Task details:
Copy the records below exactly, starting at the line that contains "Erkek Oversize Fermuarlı" and ending at the line that contains "이는 장성우의 시즌 6호"; leave out any pictures.

Records supplied:
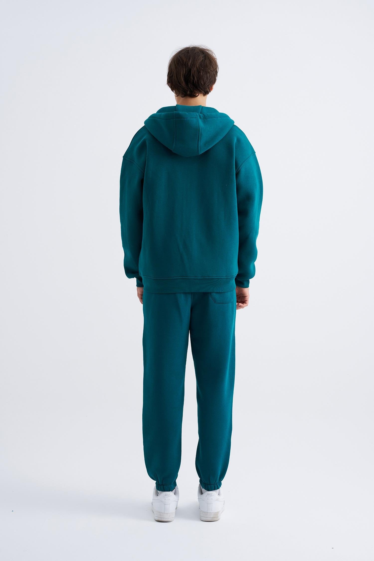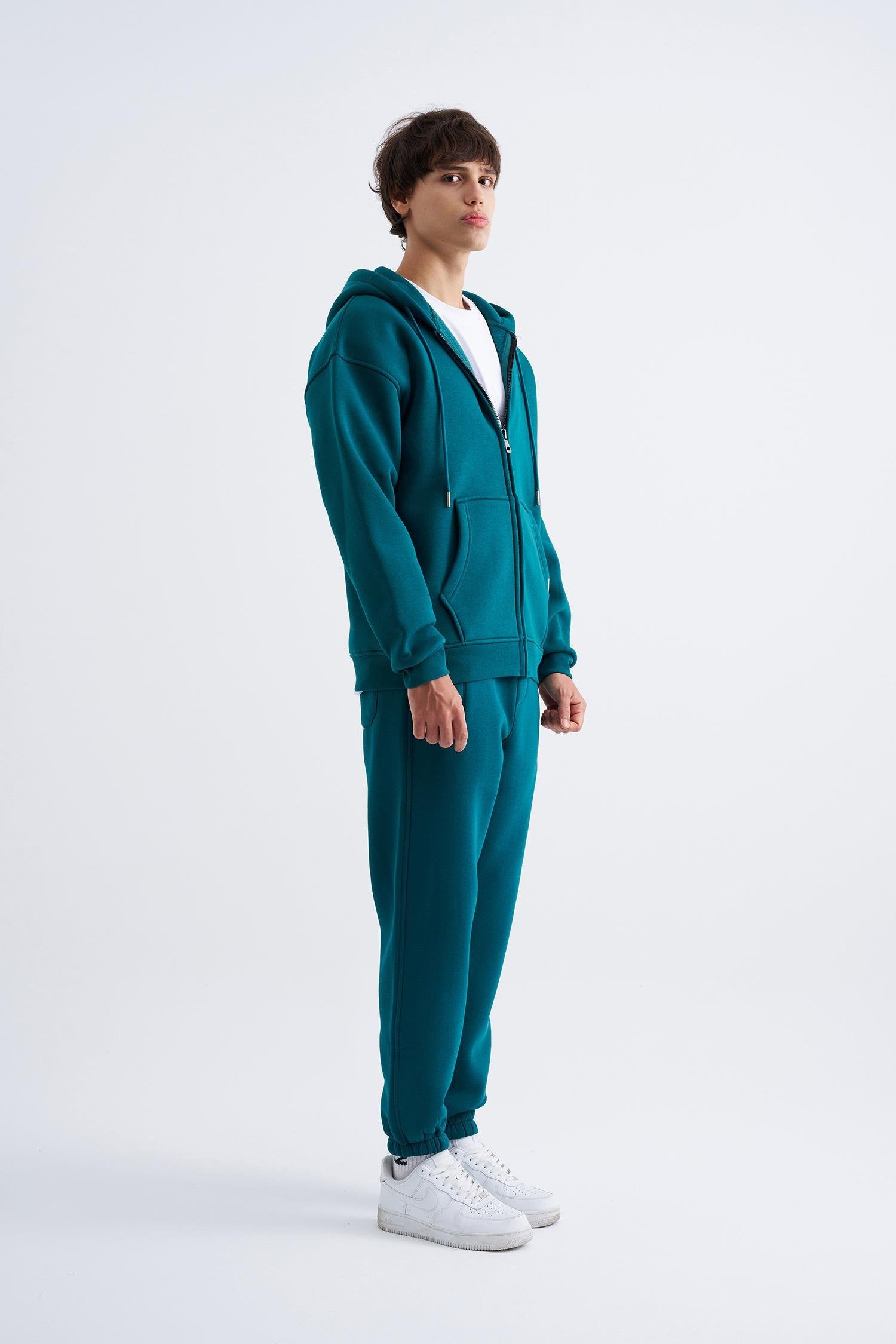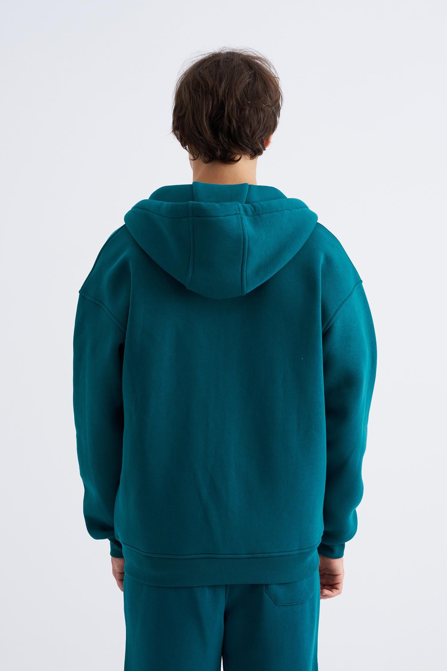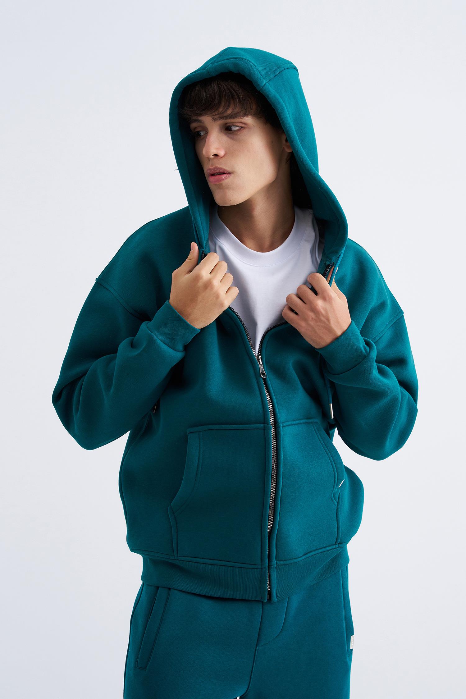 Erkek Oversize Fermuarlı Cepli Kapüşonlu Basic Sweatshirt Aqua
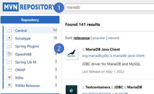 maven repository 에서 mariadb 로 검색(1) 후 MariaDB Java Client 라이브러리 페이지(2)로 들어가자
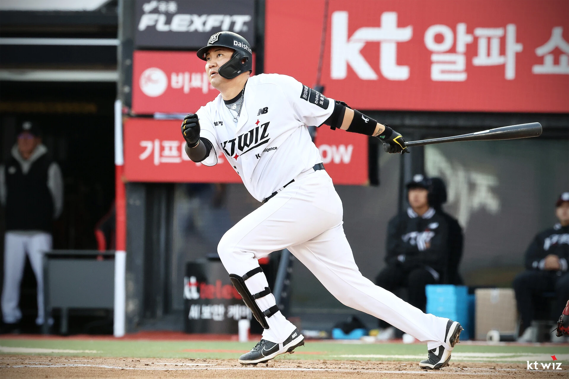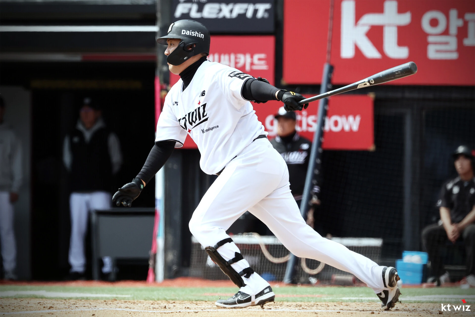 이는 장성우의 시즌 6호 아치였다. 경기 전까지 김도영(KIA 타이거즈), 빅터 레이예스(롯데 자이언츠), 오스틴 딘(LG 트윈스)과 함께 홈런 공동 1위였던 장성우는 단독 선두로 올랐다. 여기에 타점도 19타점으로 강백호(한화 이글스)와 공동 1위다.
...
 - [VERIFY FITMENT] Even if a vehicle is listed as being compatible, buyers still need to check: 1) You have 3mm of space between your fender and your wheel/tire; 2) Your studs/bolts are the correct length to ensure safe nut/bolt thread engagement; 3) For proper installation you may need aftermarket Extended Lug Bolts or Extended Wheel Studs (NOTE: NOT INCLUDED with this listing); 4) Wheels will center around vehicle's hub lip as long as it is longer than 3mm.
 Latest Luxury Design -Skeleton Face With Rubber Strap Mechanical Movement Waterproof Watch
==
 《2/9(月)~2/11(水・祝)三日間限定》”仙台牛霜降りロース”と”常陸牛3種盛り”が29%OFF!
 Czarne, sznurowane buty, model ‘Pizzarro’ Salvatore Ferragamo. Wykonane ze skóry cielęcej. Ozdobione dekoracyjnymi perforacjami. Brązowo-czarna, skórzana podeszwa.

Solution below:
 Erkek Oversize Fermuarlı Cepli Kapüşonlu Basic Sweatshirt Aqua
 maven repository 에서 mariadb 로 검색(1) 후 MariaDB Java Client 라이브러리 페이지(2)로 들어가자
 이는 장성우의 시즌 6호 아치였다. 경기 전까지 김도영(KIA 타이거즈), 빅터 레이예스(롯데 자이언츠), 오스틴 딘(LG 트윈스)과 함께 홈런 공동 1위였던 장성우는 단독 선두로 올랐다. 여기에 타점도 19타점으로 강백호(한화 이글스)와 공동 1위다.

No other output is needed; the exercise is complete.